[Opening EXERCISE MATERIALS section]

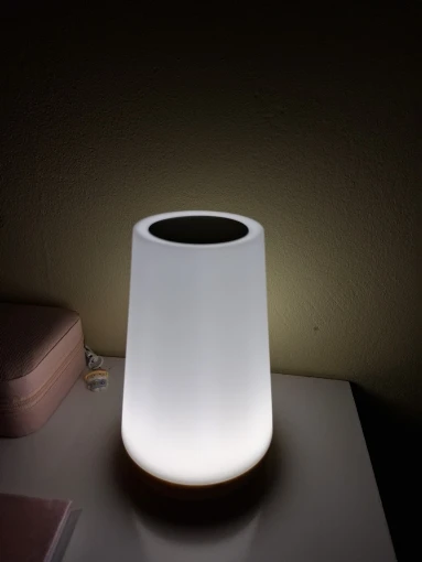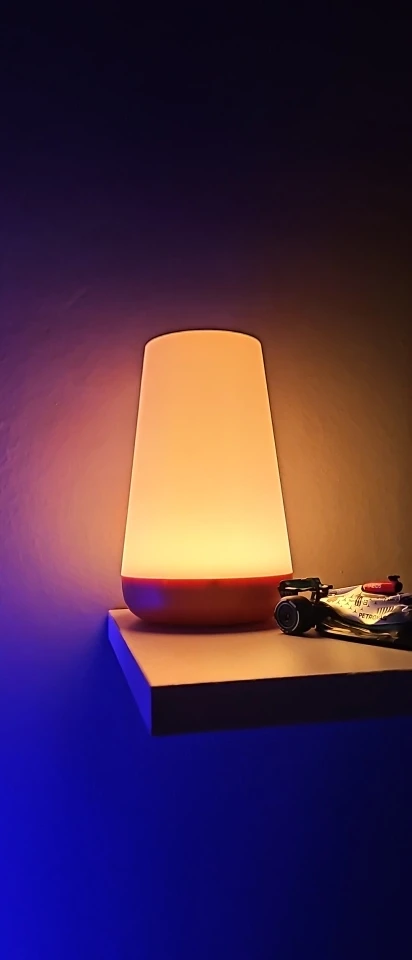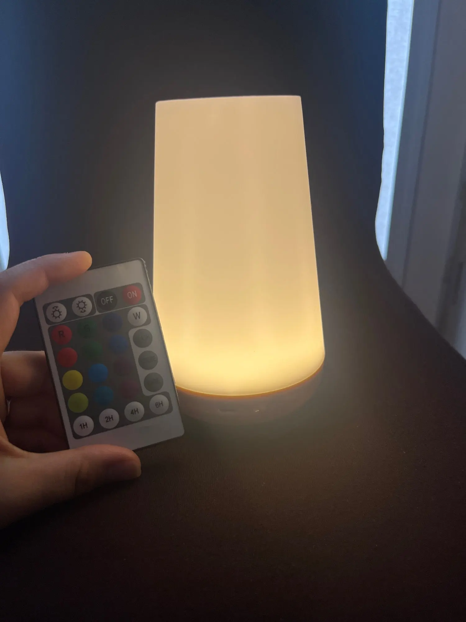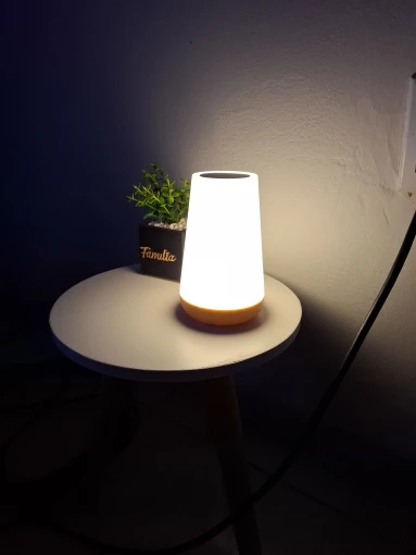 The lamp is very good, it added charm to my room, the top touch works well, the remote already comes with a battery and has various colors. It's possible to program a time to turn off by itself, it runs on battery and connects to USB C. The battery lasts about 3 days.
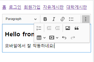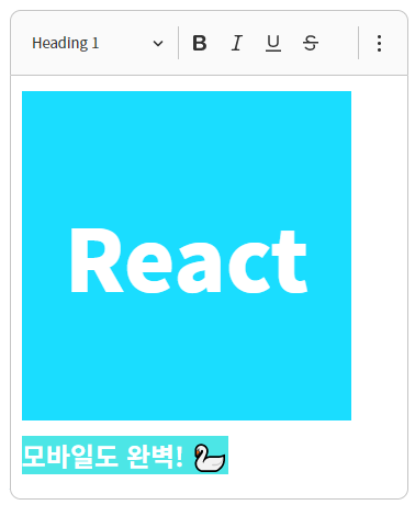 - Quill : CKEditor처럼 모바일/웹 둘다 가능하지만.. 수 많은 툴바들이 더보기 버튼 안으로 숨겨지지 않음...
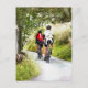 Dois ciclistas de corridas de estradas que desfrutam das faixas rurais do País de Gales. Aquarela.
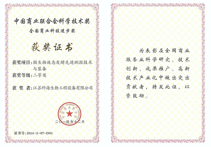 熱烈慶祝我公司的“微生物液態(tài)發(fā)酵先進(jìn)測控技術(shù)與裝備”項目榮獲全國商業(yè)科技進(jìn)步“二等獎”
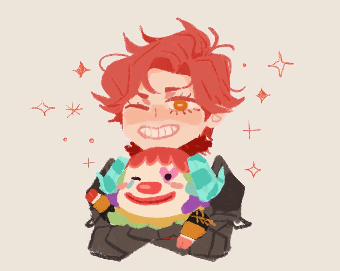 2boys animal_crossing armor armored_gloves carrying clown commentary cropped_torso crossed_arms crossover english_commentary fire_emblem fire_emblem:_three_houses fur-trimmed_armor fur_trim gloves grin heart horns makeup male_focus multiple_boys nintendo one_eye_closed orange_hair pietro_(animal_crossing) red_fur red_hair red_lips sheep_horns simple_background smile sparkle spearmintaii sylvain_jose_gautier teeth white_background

[Closing EXERCISE MATERIALS section]

TASK INSTRUCTIONS:
Exactly the lines from the one containing "- Quill : CKEditor처럼" to the end of the records above, both end lines included, are to be printed, and no pictures with them.

WRITTEN RESPONSE:
 - Quill : CKEditor처럼 모바일/웹 둘다 가능하지만.. 수 많은 툴바들이 더보기 버튼 안으로 숨겨지지 않음...
 Dois ciclistas de corridas de estradas que desfrutam das faixas rurais do País de Gales. Aquarela.
 熱烈慶祝我公司的“微生物液態(tài)發(fā)酵先進(jìn)測控技術(shù)與裝備”項目榮獲全國商業(yè)科技進(jìn)步“二等獎”
 2boys animal_crossing armor armored_gloves carrying clown commentary cropped_torso crossed_arms crossover english_commentary fire_emblem fire_emblem:_three_houses fur-trimmed_armor fur_trim gloves grin heart horns makeup male_focus multiple_boys nintendo one_eye_closed orange_hair pietro_(animal_crossing) red_fur red_hair red_lips sheep_horns simple_background smile sparkle spearmintaii sylvain_jose_gautier teeth white_background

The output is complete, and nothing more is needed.